### Required action:
Word for word, retype the lines from the one containing "Så går vi en" to the one containing "TUMELLA Strongest Windproof" below, keeping both end lines and dropping the pictures.

===============

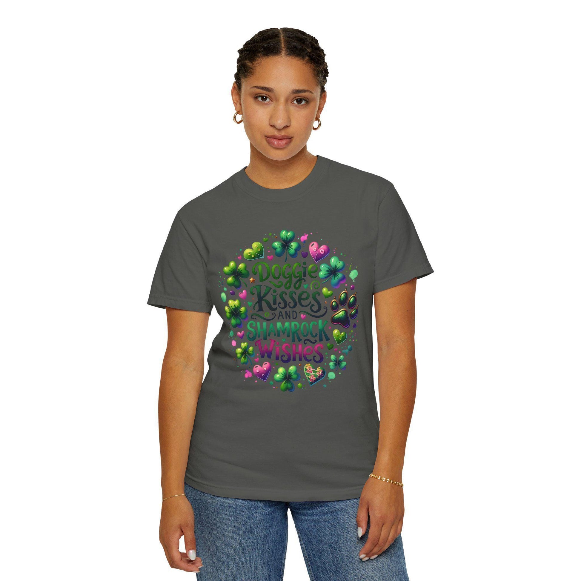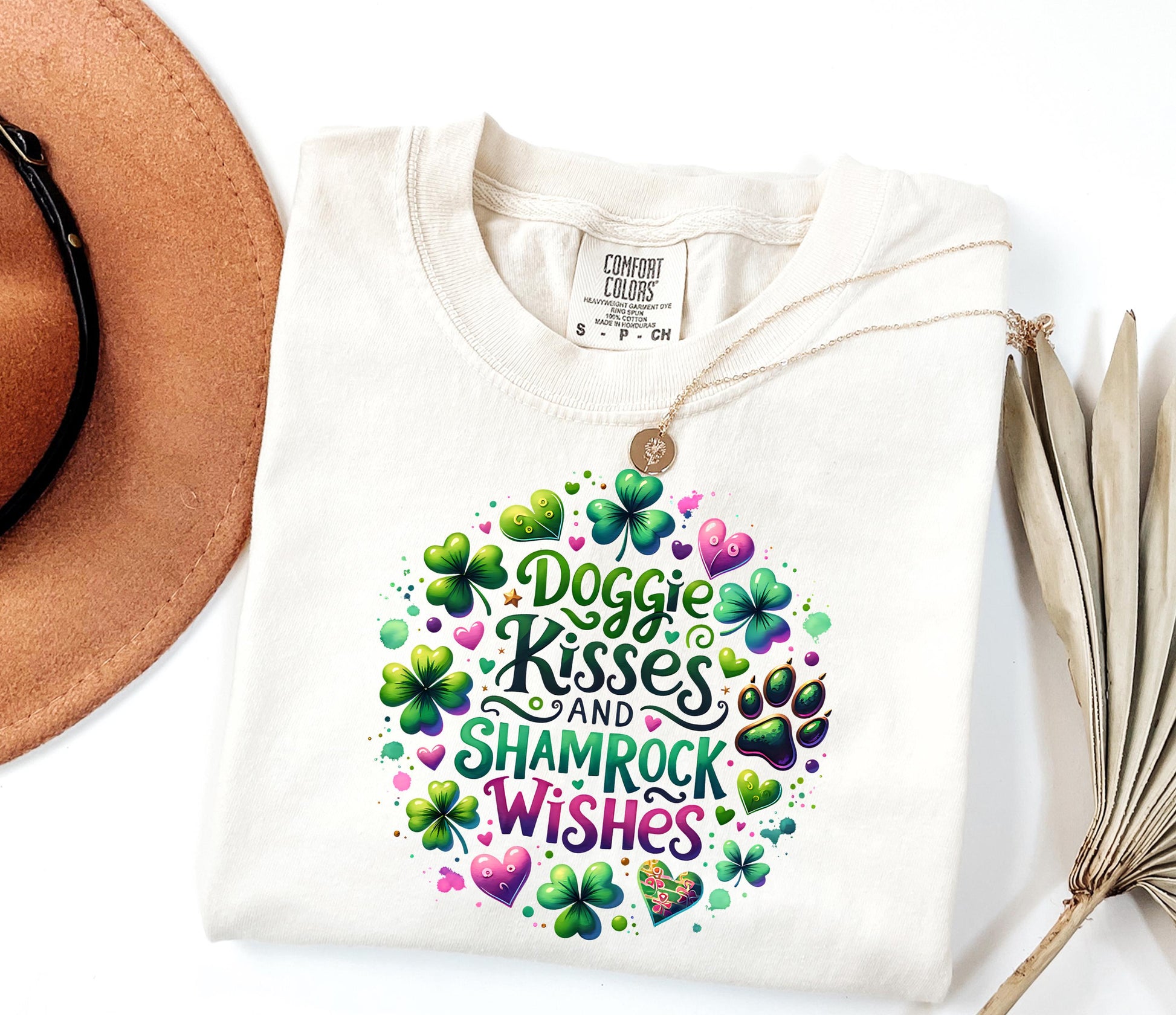 Soft, lived-in feel shirt with a playful St. Patrick’s Day motif made for every dog mom st pat shirt lover. The garment-dyed finish gives the cotton a cozy, broken-in touch, perfect for soaking up those doggie kisses tee moments. The front says “Doggie Kisses and Shamrock Wishes,” framed by watercolor-style shamrocks, st pats paw print clover, and sweet hearts—playful without being loud.
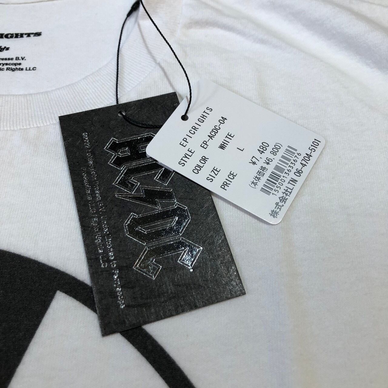新品 未使用品 Epic Rights ACDC バンド バンドTシャツ カットソー 半袖 カットソー ホワイト 白 プリント Tシャツ トップス Lサイズ
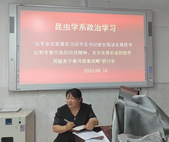 2022年6月16日下午,昆虫学系在生物楼B514开展政治理论集体学习,会议由系主任孙丽娟老师主持,全体昆虫学系老师参加,此次学习主题为“从专业出发落实习近平总书记给全国涉农高校书记和专家代表的回信精神,充分发挥农业院校作用服务于黄河国家战略“,在会议上各位老师认真领会,并开展了热烈研讨,从学习和实践角度提出了贯彻上述战略的意见和举措。主要包括:(1)赴黄河三角洲实地考察,切实充分发挥地理优势;(2)从学院层面设立专业平台,集全学院专业优势解决黄河三角洲农业生产问题;(3)积极与黄河三角洲农业高新技术产业示范区、东营市农业科学院等单位进行对接,在病虫害绿色防控、生物多样性调查等方面开展合作研究,助推黄河三角洲生态保护和高质量发展;(4)在黄河三角洲病虫害防控中实施双减战略,保护生态环境及粮食安全生产;(5)利用昆虫作为指示性生物结合自然恢复、退耕还湿以及退养还滩等措施开展盐碱地生态监测和评估,助力黄河流域生态保护。
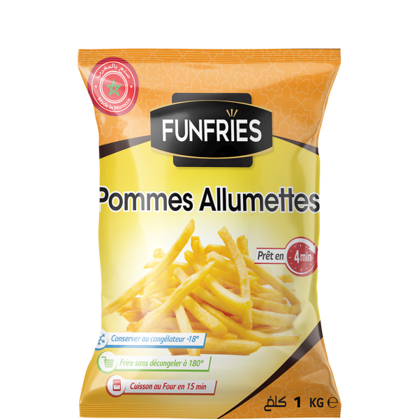 Nos frites Allumettes sont confectionnées avec les ingrédients de la plus haute qualité pour garantir qu’elles sont toujours croustillantes et savoureuses. Nos frites Allumettes FUNFRIES peuvent être appréciées en tant qu’accompagnement ou en tant que collation passagere , et peuvent être accompagnées par différentes sauces pour répondre aux goûts de chacun.
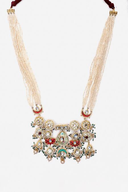 Gold plated red chaand & lotus motif, Green meenakari teardrop design, Multiple strands of pearls and natural stones
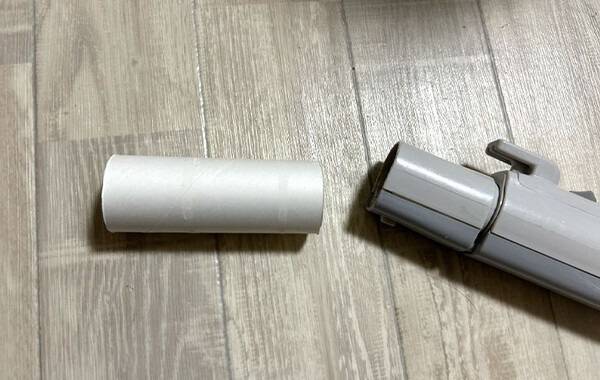 구멍을 낸 휴지심, 창틀 먼지 흡입에 딱 맞는 도구
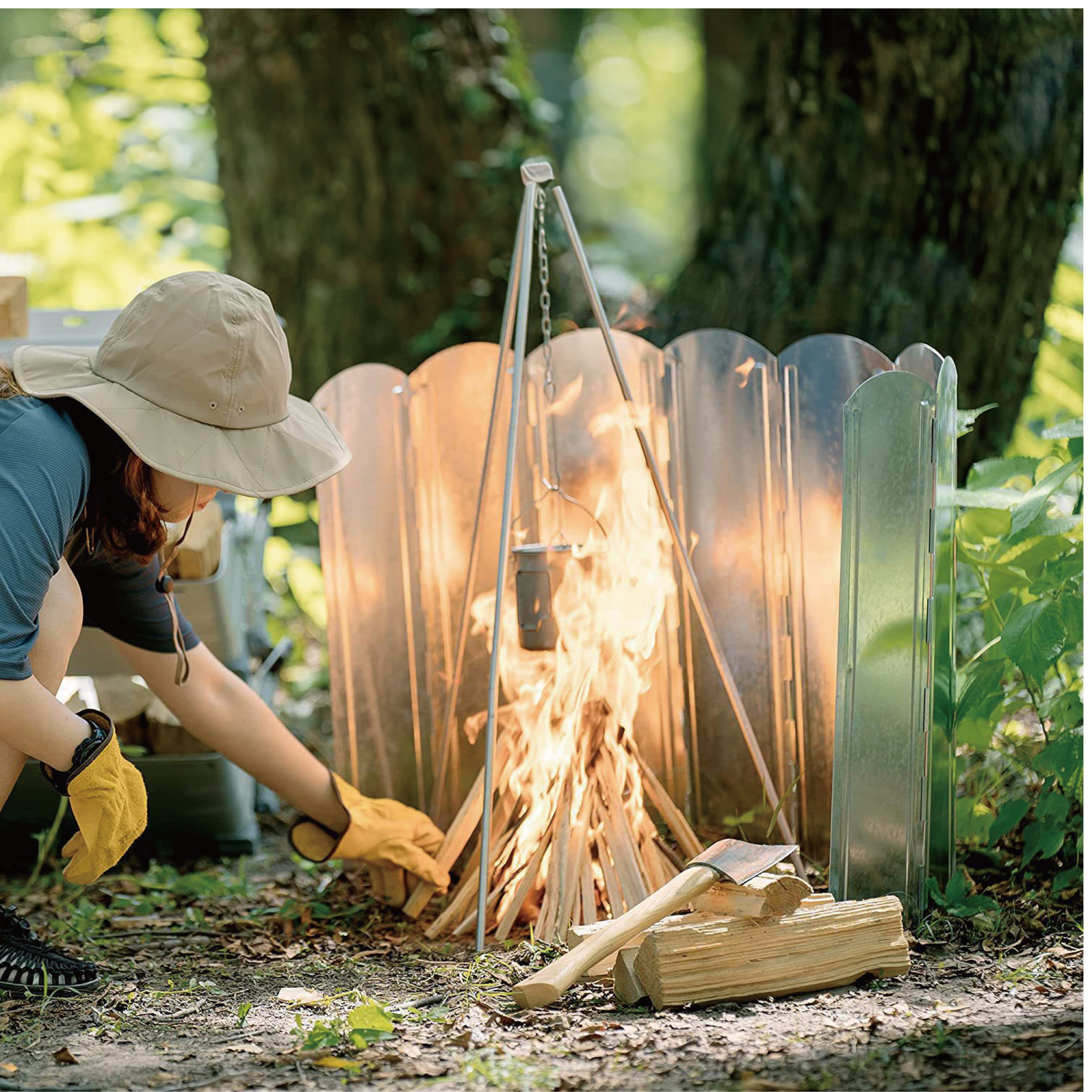焚き火台の風除けを用いることで、炎が安定し薪が長持ちするため安全に使用できます。
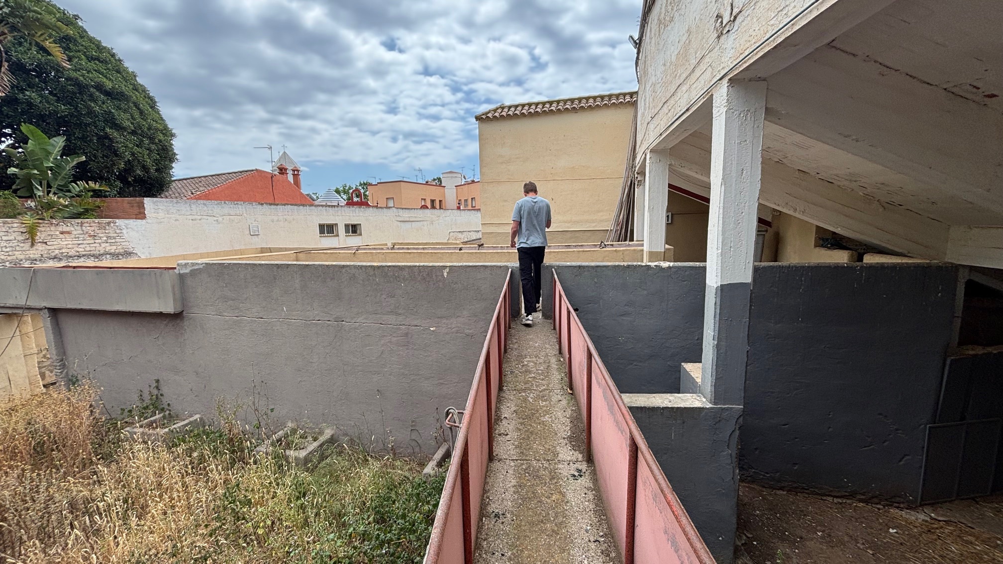 Så går vi en trappe op til der, hvor folk stod og tirrede tyrene med bambuspinde og vand - bare så de ikke trippede ind i arenaen og faldt i søvn. De skulle helst være helt oppe at køre! Ligesom nedenunder er det også en labyrint bare oppe i den fri luft og med frit udsyn til “underverdenen”.
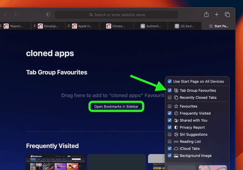 Trong Safari, các Nhóm tab riêng lẻ giờ đây có thể bao gồm các Trang bắt đầu chuyên dụng chứa các mục yêu thích được chọn từ dấu trang của bạn, cũng như một hình nền nền cụ thể.
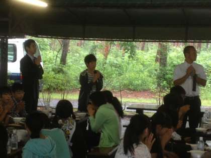 修学旅行だより 公開日 2013/06/26 更新日 2013/06/26 3年生 楽しい昼食が終わりました。 外は、大粒の雨が降っていますが 、バーベキューは、お腹の中はもちろん、冷えた身体を温めてくれました。 ごちそうさまでした、 いいね(0)
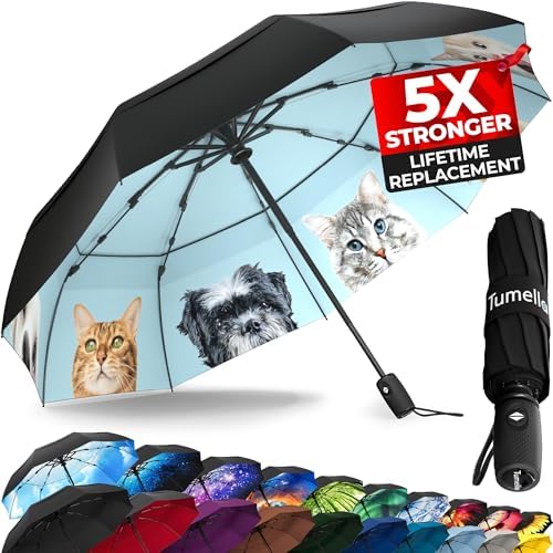 TUMELLA Strongest Windproof Travel Umbrella (Compact, Superior & Beautiful), Small Strong but Light Portable and Automatic Folding Rain Umbrella, Durable Premium Grip, Fits Car & Backpack
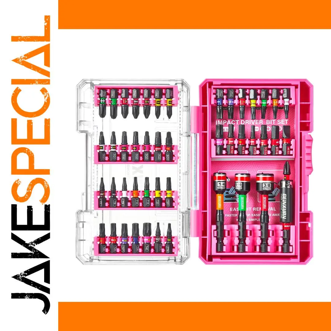 Experience precision and organization with this comprehensive screwdriver bits set, designed to meet all your repair needs. The case features a bold bright pink side contrasting with a clear, transparent section, showcasing the neatly arranged contents inside. Made from durable alloy steel with magnetic tips, these impact bits promise long-lasting performance across various applications. The impact-rated bits come in two sizes—1 inch and 2″—offering versatility for different tasks. Included are a magnetic impact bit holder and three colorful nut drivers—orange, green, and red—making tool identification quick and easy. The stackable design, along with a clip latch and retractable hooks, ensures your tools stay secure and accessible, whether in your workshop or on the go. Elevate your toolkit with this stylish and functional set designed for professionals and DIY enthusiasts alike.

===============

### Solved exercise:
 Så går vi en trappe op til der, hvor folk stod og tirrede tyrene med bambuspinde og vand - bare så de ikke trippede ind i arenaen og faldt i søvn. De skulle helst være helt oppe at køre! Ligesom nedenunder er det også en labyrint bare oppe i den fri luft og med frit udsyn til “underverdenen”.
 Trong Safari, các Nhóm tab riêng lẻ giờ đây có thể bao gồm các Trang bắt đầu chuyên dụng chứa các mục yêu thích được chọn từ dấu trang của bạn, cũng như một hình nền nền cụ thể.
 修学旅行だより 公開日 2013/06/26 更新日 2013/06/26 3年生 楽しい昼食が終わりました。 外は、大粒の雨が降っていますが 、バーベキューは、お腹の中はもちろん、冷えた身体を温めてくれました。 ごちそうさまでした、 いいね(0)
 TUMELLA Strongest Windproof Travel Umbrella (Compact, Superior & Beautiful), Small Strong but Light Portable and Automatic Folding Rain Umbrella, Durable Premium Grip, Fits Car & Backpack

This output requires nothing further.